In the half-timbered town Quedlinburg it is not possible at all to miss the evidence of early medieval kings. Cause she’s full of them. He himself did not directly leave behind any architectural traces. Nevertheless, the Saxon Duke and East Franconian King Heinrich I from the noble family of the Luidolfingers is still present today around the half-timbered splendour. He established at the feet of the later Stiftsberg a palace surrounded by the free courts of his ministries. And Heinrich was efficient, he also had a royal court with a chapel built on the area of the later Romanesque Wipertikirche. Above all at Easter, Heinrich and his Ottonian and Salian successors visited the fortified palace complex, which represented an important centre of imperial policy from the 10th to the 12th century. The Palatinate experienced great court days under Otto I. in 973 and Otto III. in 1000. And these two rulers are of enormous importance for German history, because among them the Holy Roman Empire emerged from the East Franconian.

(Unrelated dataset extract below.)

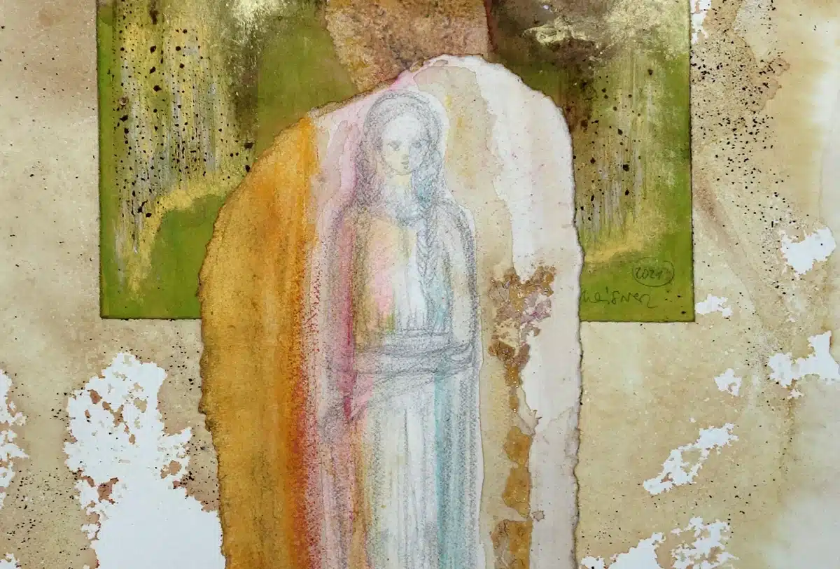 Collage mit Graphitstift, Aquarellstift, lasierende Ölfarbe, Schelllack, Pigmente, Goldpuder auf mit Tee und Zwiebelsud präpariertem Büttenpapier_53 x 40 cm, 2022

Heinrich I. died in 936. To commemorate him, his wife Mathilde founded the Quedlinburger Damenstift next to a monastery near the Wipertikirche. Their son, Emperor Otto I, furnished it with land and gave it imperial immediacy. The monastery was thus subordinated only to the head of the empire and pope and was ruled by the abbesses until secularisation in 1803. The Romanesque crypt is the final resting place of King Henry I and his energetic wife. Otto I. and his queen Adelheid are present in the form of Secco paintings on the groin vaults. Henry I’s granddaughter, the abbess Mathilde, and Otto II’s wife, the Byzantine princess Theophanu, were also donors. On their suggestion the monastery on the Münzenberg was built as a counterpart to the Schlossberg.

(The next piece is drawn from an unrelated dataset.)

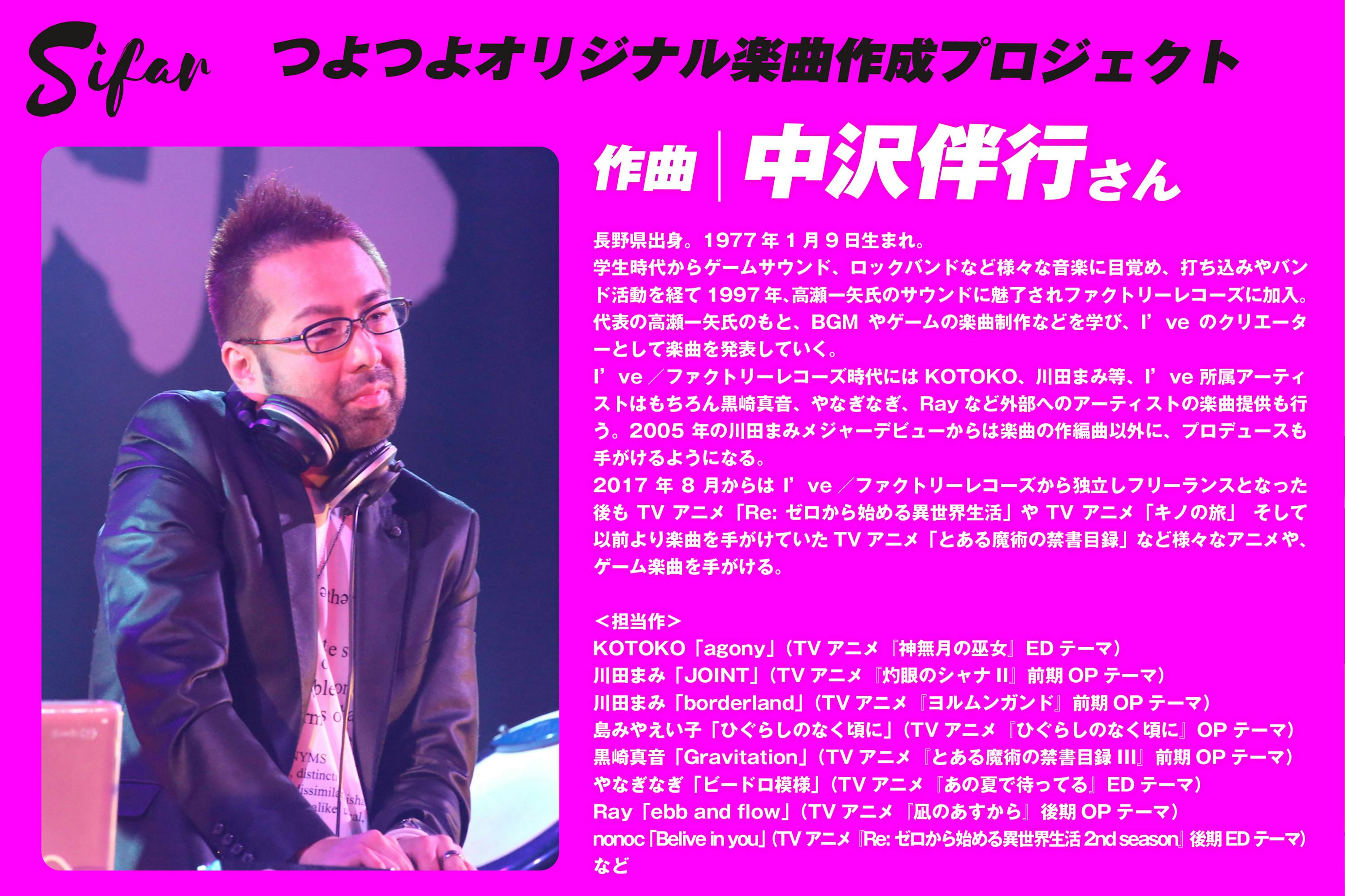 中沢さんといえばKOTOKOさん、川田まみさん、黒崎真音さん、やなぎなぎさん、Rayさん、Sifarもなかよしのnonocちゃんなどの超実力派アーティストさんへ楽曲提供をされているスーパーアーティスト様!

Goslar – probably the most famous Palatinate town of the Middle Ages

If you like, you can start the historical path in Goslar and march from there to Kyffhäusergebirge. It was the Ottonian Emperor Henry II who made the Palatinate a central political centre of the emerging Holy Roman Empire in 1009. Power then passed to the Salian nobility. Konrad II. recognised the potential of the town on the Rammelsberg which was developing as a result of the ore mining and further extended the Palatinate in the 1030s and 1040s – the Saalgebäude thus became the largest secular building of the 11th century in Germany. Under Henry III Goslar was finally a centre of the empire. He left his heart in Goslar, it is still preserved today in the St.-Ulrichs-Kapelle next to the Palatinate. Until the reign of the Staufer Friedrich I. Barbarossa, the Palatinate remained the preferred place for the mobile exercise of power by the medieval rulers.

The Harz Mountains Germany – Discovering the cultural-historical landscape

The Harz Mountains offer a variety of historical sites for the attentive hiker. An expert group from the region has set itself the task of making everything worth knowing about the numerous stays of the Roman-German regents available and making it possible to experience them on hiking routes. We are continuously working on providing a special hiking experience for history fans between unspoilt nature and historical places. On mountain ridges and an old trade route across the Harz mountains – the Kaiserweg follows in the footsteps of the rulers and turns every hike into a journey through time.

This might interest you: Historical guided tours through the old towns of Blankenburg and Quedlinburg can be found in our event calendar.